Ms. Simmons spoke of “relational aggession, the use of friendship as a weapon: Do this or I won’t be your friend anymore.” She also defined “social aggression as damage to relationships and social status; gossip and rumor.” She thoughtfully reminded us of the many times most of us have heard, “Just kidding,” from a supposedly good friend who had just said something cruel. This behavior she identified as “indirect aggression: when the intent is allegedly not hurtful or is anonymously aggressive.” Finally, she brought us home with a strong landing on our bottoms in mentioning “aggressive body language: nonverbal gesturing, eye rolling, silent treatment, mean looks and noises.”


According to Ms. Simmons, the functionality of girls is defined by their relationships and warned of the serious consequences that occur when interactions take a turn for the worst, when words destroy relationships (“It is there that aggression lives” in female behavior), and when self-esteem lands on the floor. “Girls,” she asserted, “don’t tell each other what they have done wrong or give each other a chance to fix it. They don’t make eye contact, don’t own their responsibility in hurting others, and disengage from consequences, showing [little if any] empathy.” 

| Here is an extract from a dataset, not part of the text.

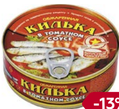
КИЛЬКА , обжаренная, в томатном соусе (РКЗ Вкусные консервы ООО), 240 г
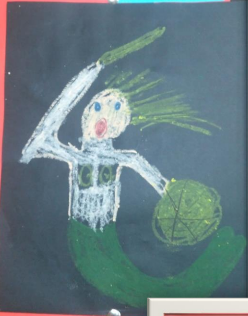
Szymon Bojar - kl. 1d

Her message is reiterated by Carly Young in Mean Girls: Dealing with Female Aggression, a special report to LifeScript (;  November 30, 2006). She talks about “whispering that stops when [a girl] walks into the room, eyes rolling when

[she] cracks a joke, stony silence when [she] tries to make conversation.” She maintains that “female aggression, cruel behavior is so common that it doesn’t end after high school” but can happen almost anywhere from the water cooler to the PTA meeting. Denese Gray, manager of Equal Opportunity at James Cook University in Australia, is cited by Ms. Young as describing typical female bullies as “devious, vindictive, having a selective memory, needing to control, and excelling at twisting the truth.” They are experts at “backstabbing, giving the cold shoulder” and showing their aggression in passive ways. “They adore gossip,” reports Dr. Cheryl Dellasega, author of  Girl Wars  (Fireside, 2003), also quoted by Ms. Young. 


Research has been done here at the University of Minnesota on female aggression in  preschool.The authors of “Relational and Overt Aggression in Preschool,” N.R. Crick and J.F. Casas (University of Minnesota) and M. Mosher (California School of Professional Psychology) videotaped the interaction of preschool children in a standardized situation and found that relational aggression appears at young ages and can be distinguished from overt aggression.

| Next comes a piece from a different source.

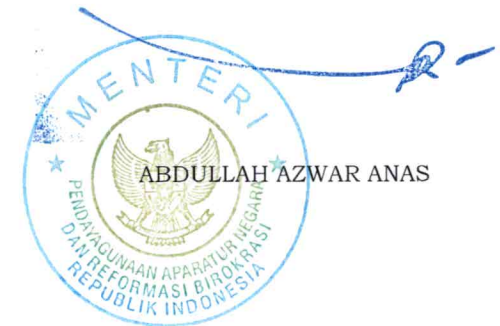
ABDULLAH AZWAR ANAS

MENTERI PENDAYAGUNAAN APARATUR NEGARA DAN REFORMASI BIROKRASI REPUBLIK INDONESIA,

They concluded that preschool girls are more relationally and less overtly aggressive than boys. 


So what are we, teachers and parents, to do? Dr. Dellasega recommends that we help girls to accept that they may never be good friends with some others, to find a positive female role model, to find something that gives them a  “bigger sense of purpose,”  and not to force their way into a group that is unaccepting. Author Michael Thompson (Mom, They’re  Teasing Me: Helping Your Child Solve Social Problems Random House, 2004, and Raising Cain, Random House

2000, as well as publications for National Association of Independent Schools [NAIS], of which HMJDS is a member), we can help girls cope by encouraging them to focus on friendship, by emphasizing kindness, empathy, and inclusion ourselves, and by discussing peer pressure with them. We can console them, role play and demonstrate positive body language for them, and we can expect them to apologize to their make reparation to their victims in our presence. 


At HMJDS, we also model, teach, encourage, and reinforce appropriate verbal expression of feelings, self-advocacy, problem-solving, and “telling” as opposed to tattling (the former being what we do when we or someone else is being hurt or is in danger and the latter being what we do simply to get others in trouble). 


We take this matter of female aggression as seriously as we take hitting and name calling. We understand that our partnership with you  in this matter, as in all others, begins at the time of admission. We commit to you our ongoing responsibility and dedication to responding immediately when we hear of any aggression and we invite your children and you to share relevant concerns with us just as immediately.